There were practical reasons for the existence of the March handicap meeting. It gave an inviting opportunity for boys of every degree of ability to appear without disadvantage in a public contest, and so brought out new material. It was likewise both a formal closing of the winter’s athletic work, and the first account of stock for the greater contests of the spring. With Dickinson and Travers in the sprints, Todd in the hurdles, and Curtis for the hammer and shot, there was still in school a very substantial remnant of last year’s winning team with which to start the spring campaign against Hillbury. Yet gaps remained to be filled, new seconds and thirds had to be provided where firsts seemed fairly safe, and better men had to be found, if better men there were, for the most strongly defended events.

In the jumps and the pole vault was an especial dearth of good material. Melvin had been practicing the high jump in the course of his daily gymnasium exercise hours, though without any idea of excelling in it. With legs full of spring and some intelligence to direct his efforts, the height at which he failed had gradually lifted. A month before, at the Faculty Trophy meeting, he had astonished himself by doing five feet four to the school champion’s five feet five. The practice possessed now for him an additional interest. If he could keep on gaining inches in the same steady way, the spring contests would find him able to clear a very considerable height. Varrell, too, had caught the fever, and was toiling at the pole vault with all the zeal and intelligence which this peculiar boy possessed.

A considerable crowd gathered that Saturday afternoon about the eighth-mile wooden track which lies behind the gymnasium. For the forty-yard dash the contestants came in a flock, four men in a trial, heat after heat, in quick succession; then the winners in sets of semi-finals, and three men in the final heat. The baseball candidates were here almost to a man, for they had been practicing starts and dashes during the winter for base running, and now had their trying out. Dick watched with interest to see what Phil would do with his three feet handicap, and was delighted to see his room-mate get off so sharply and take his heat so easily. The first semi-final the boy ran against Sands, and beat him without difficulty; the second he took from Jordan by a narrower margin. Only in the final heat did he fail, when Jones, a middler, took first, and Travers second, with Phil a poor third.

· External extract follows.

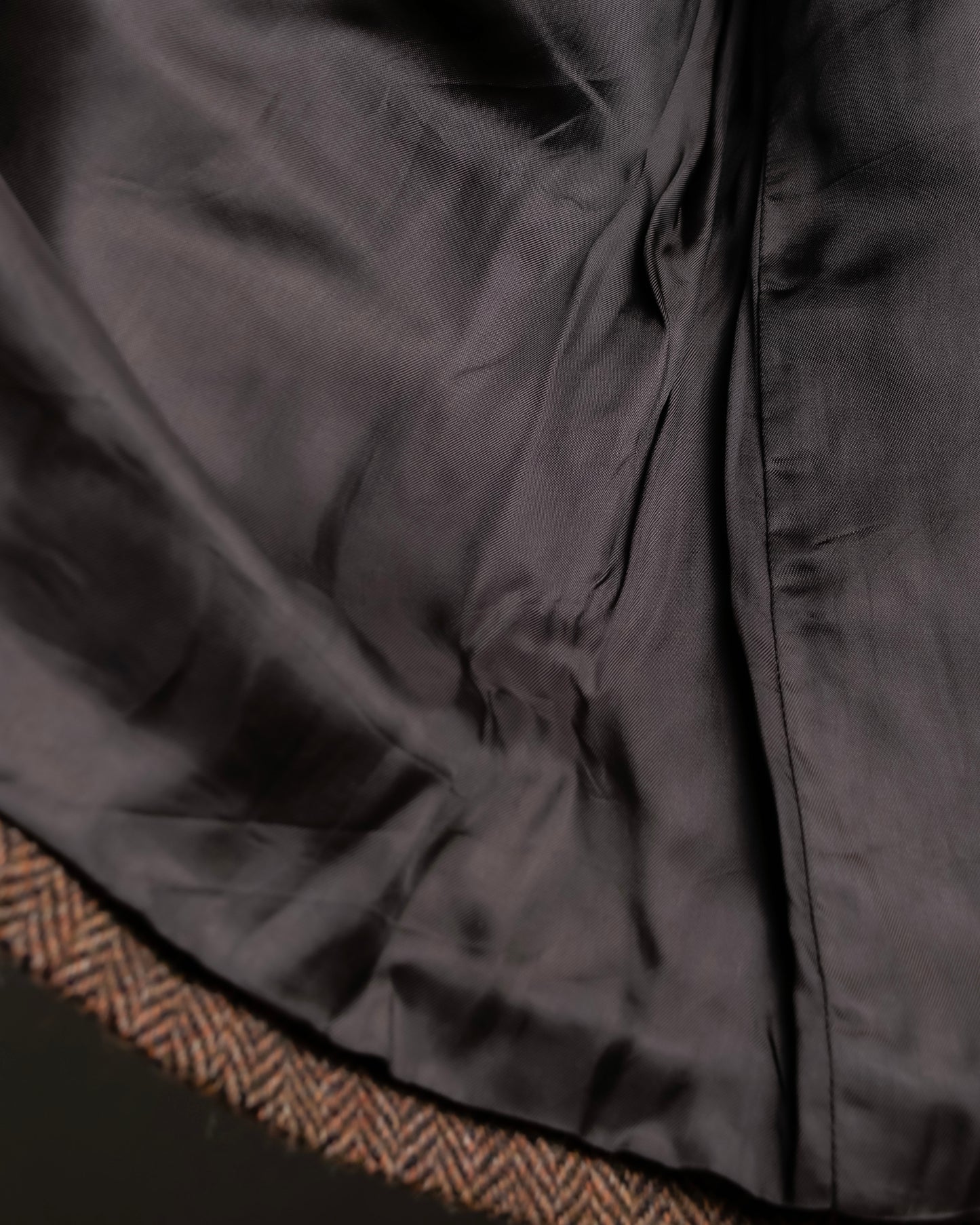 ハリスツイード性の仕立ての良さが引き立っている重厚なヘリンボーン生地を使用している為、厚みがによる高級感があり、保温性や耐久性にも優れているAWシーズンに、適している着用感を誇っております。

“Good work, Poole!” said MacRae, a middler rooming in the same entry, who was just coming out for the thousand yards. “I only ask to do as well.”

But MacRae did better. He ran his race with twenty yards handicap, and finished first, close to the school record. The middlers grew enthusiastic.

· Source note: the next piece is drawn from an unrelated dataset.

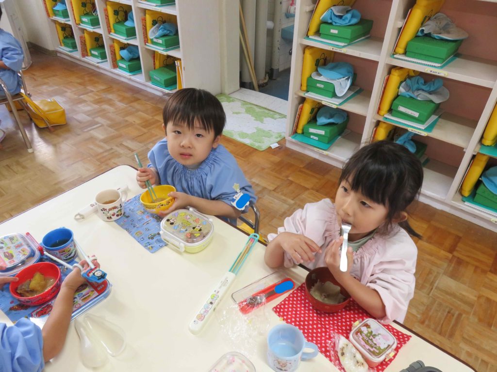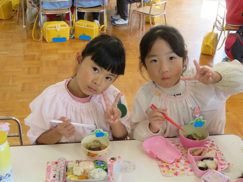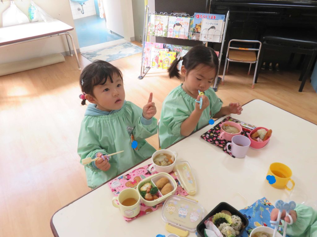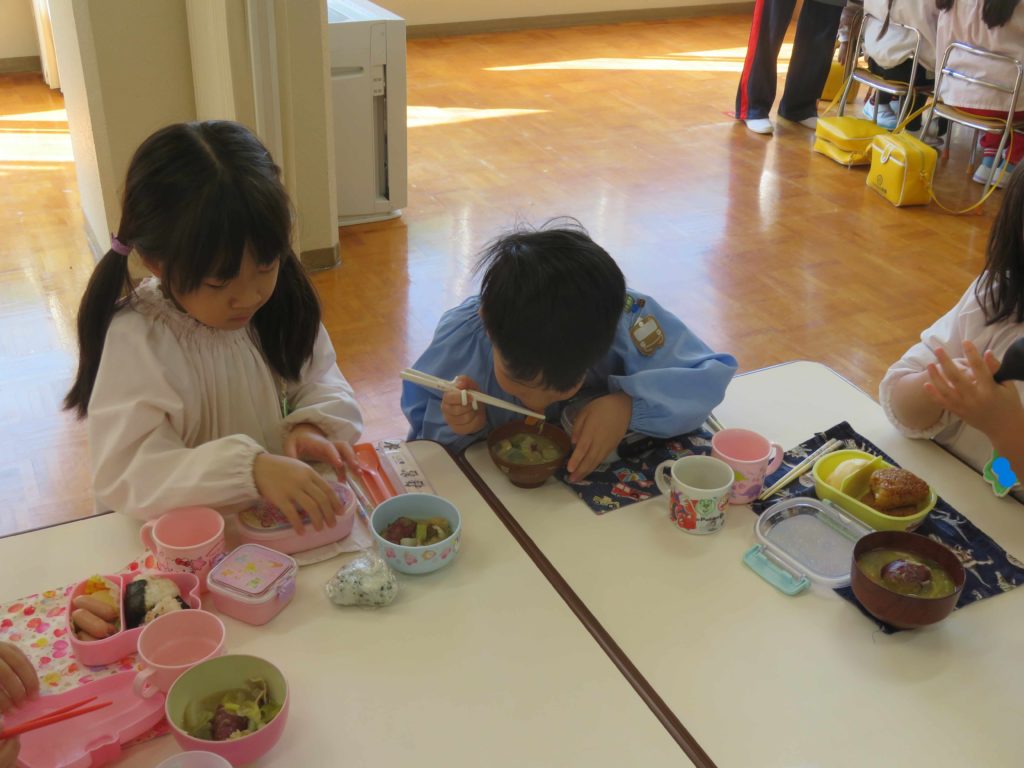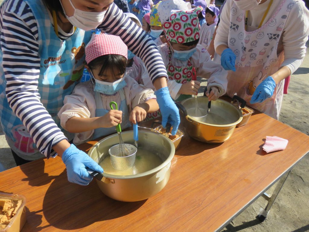 降園時は保護者様にも食べていただきました。「いつもお弁当作りをありがとう!ぼくたち、私たちが作ったさつま汁を食べてね」と招待状をお渡していたのでたくさんの方にお越しいただきました。コロナ禍以降、久しぶりに親子で食べていただくようにしました。微笑ましい光景でした♫

“What a handicap!” said Dickinson reproachfully to Melvin, as he took his place on the scratch for the three hundred, and looked forward to the front man standing well around the curve. “I may as well not run.”

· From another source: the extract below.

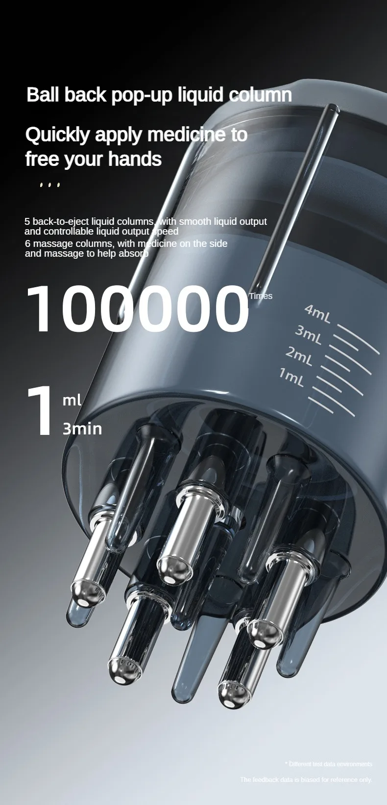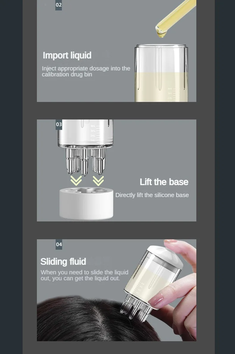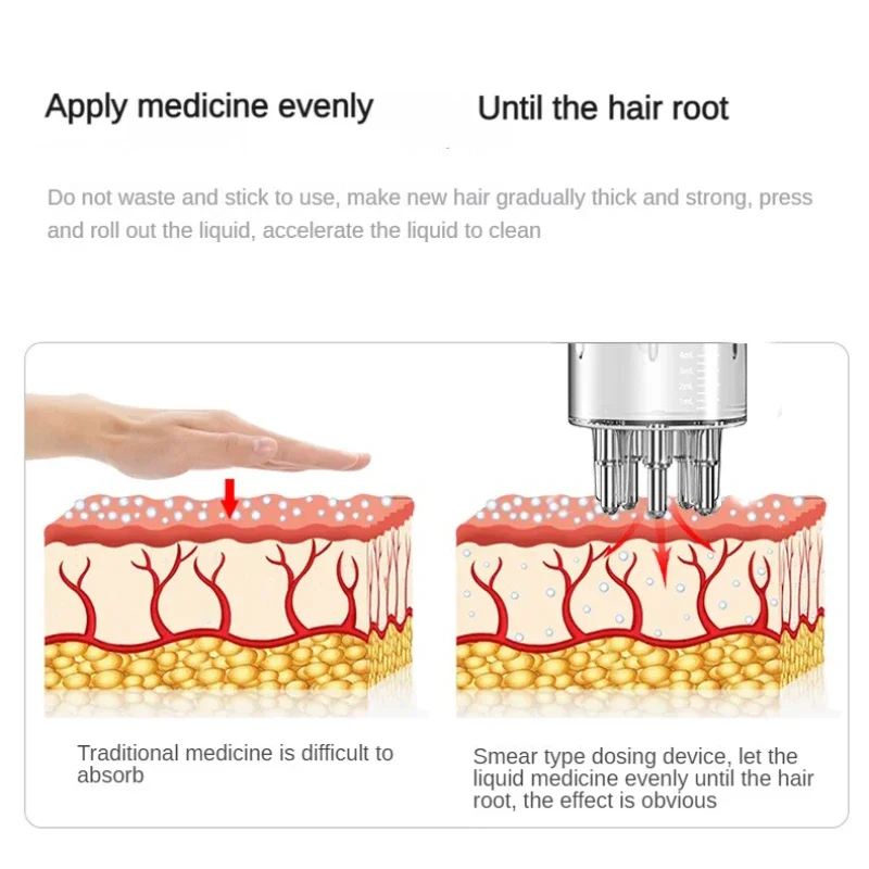 6. Equipped with 5 elastic rolling ball teeth to introduce liquid medicine uniformly into the hair root, and a squeezable handle to control the volume. With it, you’re free from hand stains and medicine waste.

“It’s not too much for your best, old man,” replied the manager, confidently. “You never know what you can do till you try.”

Dickinson did not answer, for he was already on his mark with the tense, serious expression on his face which Dick liked to see. With the pistol report he was off, making a splendid start—which the manager, in a momentary flash of joy, contrasted with the hesitancy of the year before,—and whipping himself quickly into his stride. He passed Lord on the back stretch, Sandford on the straightaway at the end of the first lap, and then pushed for Von Gersdorf, who had made good use of his twenty yards start, and with his short stout legs flying under him, easily doubled the hard corners that delayed the pursuer. Von Gersdorf struck the final curve with Dickinson at his heels. On the curve short-legs gained. The two plunged into the final stretch with four yards of interval between them, short-legs panting ahead with quick staccato strokes, long-legs swinging again into the wide distance-devouring stride that looked as easy and natural as the piston motion of a fine engine, and yet was challenging muscle and nerve and heart to their utmost.

“Go it Gerty, go it!” shouted the middlers. “It’s yours!” Determined to hold his lead a second longer, Von Gersdorf dug his spikes into the soft board, made a final frantic spurt, and lifted his arms to meet the string with his breast—and found no string to meet. Dickinson had carried it away before him.

“What a race!” exclaimed Tompkins, as he sat with Varrell on the wall. “That’s what I call sport. I’d go miles to see that again!”